7. Sobre o reconhecimento internacional da Independência do Brasil, é CORRETO afirmar: a) Foi imediato por todas as nações europeias, que apoiavam a liberdade das colônias. b) Os Estados Unidos foram os primeiros a reconhecer, seguindo a Doutrina Monroe. c) A Inglaterra reconheceu primeiro, mas impôs condições financeiras e comerciais ao Brasil. d) Portugal reconheceu a independência pacificamente no dia seguinte ao 7 de setembro. e) A França liderou o reconhecimento europeu sem exigir qualquer contrapartida.
8. A participação da Inglaterra no processo de independência brasileiro foi motivada principalmente: a) Por ideais liberais e de apoio à autodeterminação dos povos. b) Pelo desejo de anexar o território brasileiro ao seu império. c) Por seus interesses econômicos e na expansão de seu mercado consumidor. d) Pela rivalidade histórica com Portugal. e) Pela pressão dos Estados Unidos para que mediasse o conflito.

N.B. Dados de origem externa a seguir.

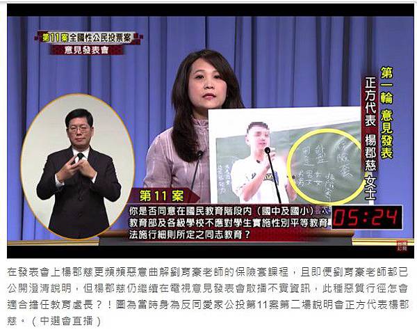 在發表會上楊郡慈更頻頻惡意曲解劉育豪老師的保險套課程,且即便劉育豪老師都已公開澄清說明,但楊郡慈仍繼續在電視意見發表會散播不實資訊,此種惡質行徑怎會適合擔任教育處長?!圖為當時身為反同愛家公投第11案第二場說明會正方代表楊郡慈。(中選會直播)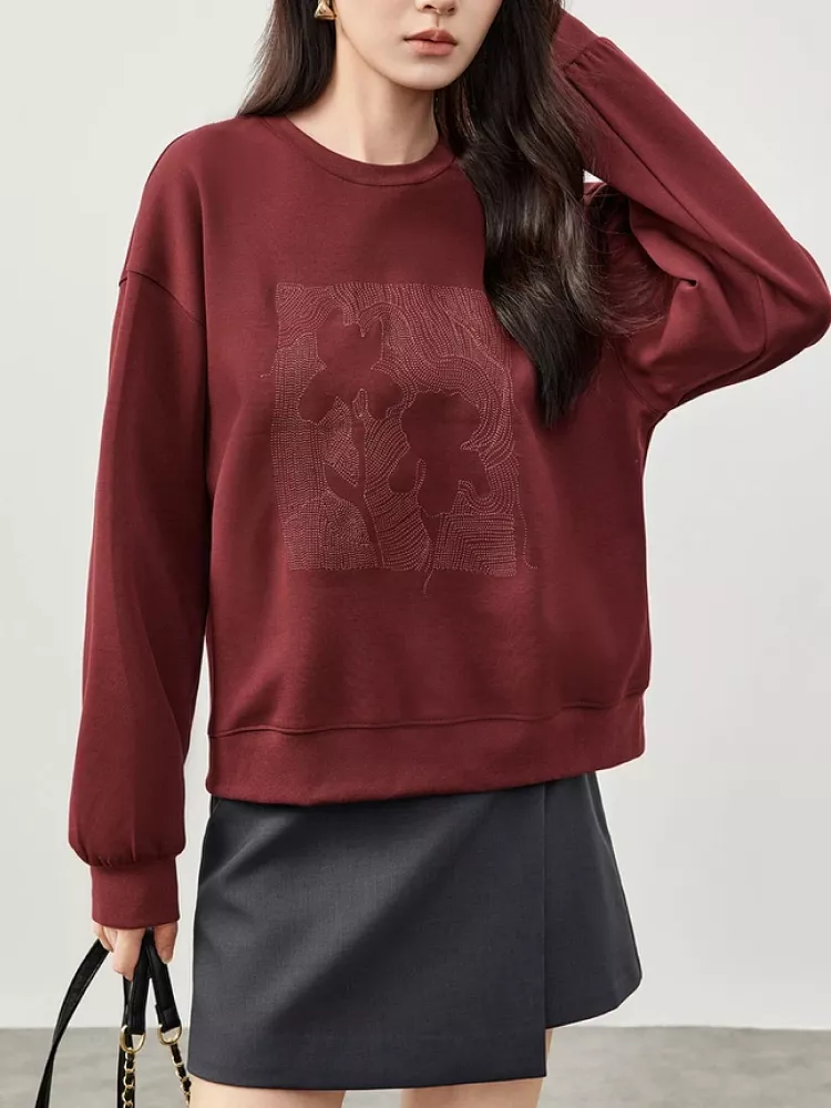 The simple, solid color design is elevated by delicate embroidery details, giving this top a subtle touch of elegance. Its loose fit and long sleeves provide comfort and coverage without sacrificing style. With a classic crew neck and straight hemline, this sweatshirt pairs beautifully with jeans, skirts, or tailored trousers, making it a go-to staple.

9. A independência do Brasil é considerada "conservadora" porque: a) Foi uma revolução popular que derrubou a monarquia. b) Aboliu imediatamente a escravidão e redistribuiu terras. c) Manteve a estrutura social e econômica baseada na monarquia, latifúndio e escravidão. d) Foi liderada pelos setores mais pobres da população. e) Copiou o modelo republicano e federalista dos Estados Unidos.

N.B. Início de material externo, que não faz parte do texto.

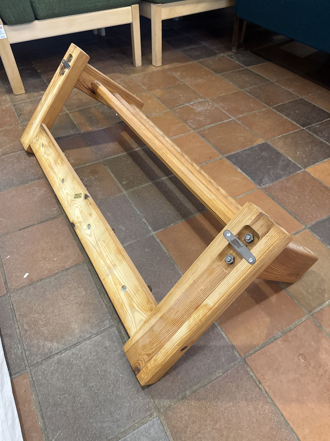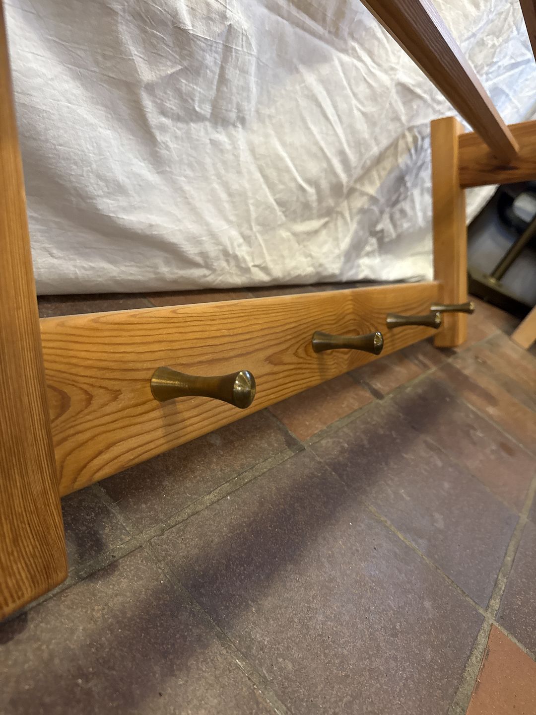 Svensk design væghængt knagerække/hattehylde i massiv fyr og knager i messing. Produceret ca. 1970'erne. Pæn brugt stand. Mål: H. 40 cm. L. 100 cm. D. 35 cm. Emne nummer: 81065

10. Qual foi o papel de José Bonifácio de Andrada e Silva no processo de independência? a) Liderou as tropas portuguesas contra Dom Pedro. b) Foi o principal articulador político, tornando-se ministro de Dom Pedro. c) Proclamou a república em Pernambuco antes do 7 de setembro. d) Representou os interesses das Cortes Portuguesas no Brasil. e) Foi o embaixador que negociou o reconhecimento com os EUA.